DATA FOR REVIEW START
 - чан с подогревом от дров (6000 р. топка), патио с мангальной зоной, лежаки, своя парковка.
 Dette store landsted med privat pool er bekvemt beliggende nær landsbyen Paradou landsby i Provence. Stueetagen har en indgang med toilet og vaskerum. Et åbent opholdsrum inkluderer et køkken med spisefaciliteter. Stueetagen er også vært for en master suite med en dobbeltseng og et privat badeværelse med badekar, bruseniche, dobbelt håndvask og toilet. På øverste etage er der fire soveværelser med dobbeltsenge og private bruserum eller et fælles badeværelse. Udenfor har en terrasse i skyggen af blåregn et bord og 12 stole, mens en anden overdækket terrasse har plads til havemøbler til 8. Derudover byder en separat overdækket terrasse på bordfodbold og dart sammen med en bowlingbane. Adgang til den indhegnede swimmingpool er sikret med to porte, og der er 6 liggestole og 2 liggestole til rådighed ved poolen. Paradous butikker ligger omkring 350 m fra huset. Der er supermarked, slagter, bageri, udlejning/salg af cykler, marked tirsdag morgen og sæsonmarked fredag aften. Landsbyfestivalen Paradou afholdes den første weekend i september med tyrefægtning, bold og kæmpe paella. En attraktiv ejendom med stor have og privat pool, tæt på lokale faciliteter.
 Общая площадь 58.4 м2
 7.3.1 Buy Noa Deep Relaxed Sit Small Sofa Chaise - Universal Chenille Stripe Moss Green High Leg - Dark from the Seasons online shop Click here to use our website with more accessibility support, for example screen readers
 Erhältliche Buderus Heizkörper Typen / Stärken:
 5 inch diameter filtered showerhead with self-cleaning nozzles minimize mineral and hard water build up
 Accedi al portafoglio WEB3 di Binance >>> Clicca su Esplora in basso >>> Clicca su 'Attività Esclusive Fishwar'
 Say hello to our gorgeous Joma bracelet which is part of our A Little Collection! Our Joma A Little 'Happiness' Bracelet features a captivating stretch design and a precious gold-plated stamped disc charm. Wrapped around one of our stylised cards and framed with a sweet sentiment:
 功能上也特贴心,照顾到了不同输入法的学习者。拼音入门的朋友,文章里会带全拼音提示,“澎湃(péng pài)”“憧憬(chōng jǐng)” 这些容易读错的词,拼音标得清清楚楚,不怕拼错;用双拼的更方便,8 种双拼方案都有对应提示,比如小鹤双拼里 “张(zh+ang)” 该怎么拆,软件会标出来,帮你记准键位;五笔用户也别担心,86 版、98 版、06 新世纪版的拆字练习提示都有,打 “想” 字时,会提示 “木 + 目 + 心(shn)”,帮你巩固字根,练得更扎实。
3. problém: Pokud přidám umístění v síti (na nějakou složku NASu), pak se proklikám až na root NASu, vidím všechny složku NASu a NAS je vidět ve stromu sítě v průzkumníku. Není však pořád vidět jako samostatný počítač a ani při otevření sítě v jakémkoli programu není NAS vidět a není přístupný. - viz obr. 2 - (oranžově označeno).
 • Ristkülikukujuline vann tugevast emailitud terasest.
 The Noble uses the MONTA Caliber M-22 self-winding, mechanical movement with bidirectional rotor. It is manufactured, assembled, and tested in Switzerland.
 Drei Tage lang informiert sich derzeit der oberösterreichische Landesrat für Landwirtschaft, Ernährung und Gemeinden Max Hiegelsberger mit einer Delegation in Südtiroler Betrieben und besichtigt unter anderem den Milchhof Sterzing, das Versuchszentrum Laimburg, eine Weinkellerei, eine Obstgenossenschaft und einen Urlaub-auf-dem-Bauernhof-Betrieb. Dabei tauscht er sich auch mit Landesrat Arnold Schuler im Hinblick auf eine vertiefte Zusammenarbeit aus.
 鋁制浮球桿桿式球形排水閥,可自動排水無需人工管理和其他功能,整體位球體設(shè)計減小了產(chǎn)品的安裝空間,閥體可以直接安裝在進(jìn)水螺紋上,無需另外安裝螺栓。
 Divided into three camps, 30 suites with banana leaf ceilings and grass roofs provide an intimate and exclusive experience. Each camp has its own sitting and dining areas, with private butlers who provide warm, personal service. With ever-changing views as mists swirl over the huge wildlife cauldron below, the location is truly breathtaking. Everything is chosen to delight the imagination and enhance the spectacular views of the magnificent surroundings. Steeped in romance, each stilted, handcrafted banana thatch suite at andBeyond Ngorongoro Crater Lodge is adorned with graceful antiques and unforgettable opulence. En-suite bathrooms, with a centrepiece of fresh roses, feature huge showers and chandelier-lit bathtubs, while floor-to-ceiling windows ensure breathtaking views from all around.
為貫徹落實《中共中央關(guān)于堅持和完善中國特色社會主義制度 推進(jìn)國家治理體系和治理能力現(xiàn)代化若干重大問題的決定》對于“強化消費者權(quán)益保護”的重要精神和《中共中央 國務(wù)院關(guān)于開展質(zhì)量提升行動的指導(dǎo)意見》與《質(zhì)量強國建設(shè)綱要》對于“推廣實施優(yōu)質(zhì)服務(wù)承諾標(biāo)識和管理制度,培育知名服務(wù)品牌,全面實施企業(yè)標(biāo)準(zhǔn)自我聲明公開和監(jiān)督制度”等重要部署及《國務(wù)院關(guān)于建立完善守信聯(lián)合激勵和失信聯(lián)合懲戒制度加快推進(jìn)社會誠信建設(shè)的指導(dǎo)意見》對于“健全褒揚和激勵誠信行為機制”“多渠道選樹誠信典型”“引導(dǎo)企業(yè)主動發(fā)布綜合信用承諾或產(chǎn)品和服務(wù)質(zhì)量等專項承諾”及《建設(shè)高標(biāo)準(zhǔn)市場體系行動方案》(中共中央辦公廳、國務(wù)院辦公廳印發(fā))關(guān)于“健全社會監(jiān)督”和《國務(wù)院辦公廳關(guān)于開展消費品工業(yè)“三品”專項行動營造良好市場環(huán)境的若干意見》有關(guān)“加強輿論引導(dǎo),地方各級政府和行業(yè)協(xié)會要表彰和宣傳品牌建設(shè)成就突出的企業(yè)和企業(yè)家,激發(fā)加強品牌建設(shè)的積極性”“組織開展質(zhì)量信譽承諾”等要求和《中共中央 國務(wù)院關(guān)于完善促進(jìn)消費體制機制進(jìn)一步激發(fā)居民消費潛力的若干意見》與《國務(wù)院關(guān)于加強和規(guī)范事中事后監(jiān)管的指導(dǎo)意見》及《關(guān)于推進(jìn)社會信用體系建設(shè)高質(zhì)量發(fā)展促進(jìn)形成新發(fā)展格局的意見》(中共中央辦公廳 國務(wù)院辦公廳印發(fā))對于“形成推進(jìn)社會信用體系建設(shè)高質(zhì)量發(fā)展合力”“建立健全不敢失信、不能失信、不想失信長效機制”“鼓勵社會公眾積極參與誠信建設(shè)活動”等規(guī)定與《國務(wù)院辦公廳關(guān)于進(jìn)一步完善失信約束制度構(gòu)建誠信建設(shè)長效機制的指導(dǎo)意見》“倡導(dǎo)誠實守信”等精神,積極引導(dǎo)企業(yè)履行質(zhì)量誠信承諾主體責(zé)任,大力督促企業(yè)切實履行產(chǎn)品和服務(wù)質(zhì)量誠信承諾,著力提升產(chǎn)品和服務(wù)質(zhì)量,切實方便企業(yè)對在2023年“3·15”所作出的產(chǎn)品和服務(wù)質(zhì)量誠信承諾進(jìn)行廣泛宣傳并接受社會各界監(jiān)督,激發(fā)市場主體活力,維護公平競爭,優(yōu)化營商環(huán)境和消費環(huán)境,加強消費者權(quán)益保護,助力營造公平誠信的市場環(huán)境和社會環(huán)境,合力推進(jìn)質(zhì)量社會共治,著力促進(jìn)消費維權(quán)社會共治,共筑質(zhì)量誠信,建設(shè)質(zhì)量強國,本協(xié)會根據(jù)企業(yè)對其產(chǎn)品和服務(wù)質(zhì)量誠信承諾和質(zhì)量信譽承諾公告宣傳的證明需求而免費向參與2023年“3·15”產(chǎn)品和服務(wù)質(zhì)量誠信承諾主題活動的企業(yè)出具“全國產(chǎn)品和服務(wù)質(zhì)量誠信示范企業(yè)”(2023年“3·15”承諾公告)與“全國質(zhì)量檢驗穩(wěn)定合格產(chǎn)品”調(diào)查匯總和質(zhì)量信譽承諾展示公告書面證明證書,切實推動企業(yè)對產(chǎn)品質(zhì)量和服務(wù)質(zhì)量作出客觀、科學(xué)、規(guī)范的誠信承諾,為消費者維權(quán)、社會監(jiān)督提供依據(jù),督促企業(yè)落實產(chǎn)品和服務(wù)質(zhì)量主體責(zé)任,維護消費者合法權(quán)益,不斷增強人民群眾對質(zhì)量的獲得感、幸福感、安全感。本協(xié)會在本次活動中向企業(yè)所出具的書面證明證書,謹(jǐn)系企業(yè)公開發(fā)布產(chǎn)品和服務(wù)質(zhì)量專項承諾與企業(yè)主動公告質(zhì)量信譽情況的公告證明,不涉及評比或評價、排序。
DATA FOR REVIEW END
Copy every line above that holds the word "self".

 5 inch diameter filtered showerhead with self-cleaning nozzles minimize mineral and hard water build up
 The Noble uses the MONTA Caliber M-22 self-winding, mechanical movement with bidirectional rotor. It is manufactured, assembled, and tested in Switzerland.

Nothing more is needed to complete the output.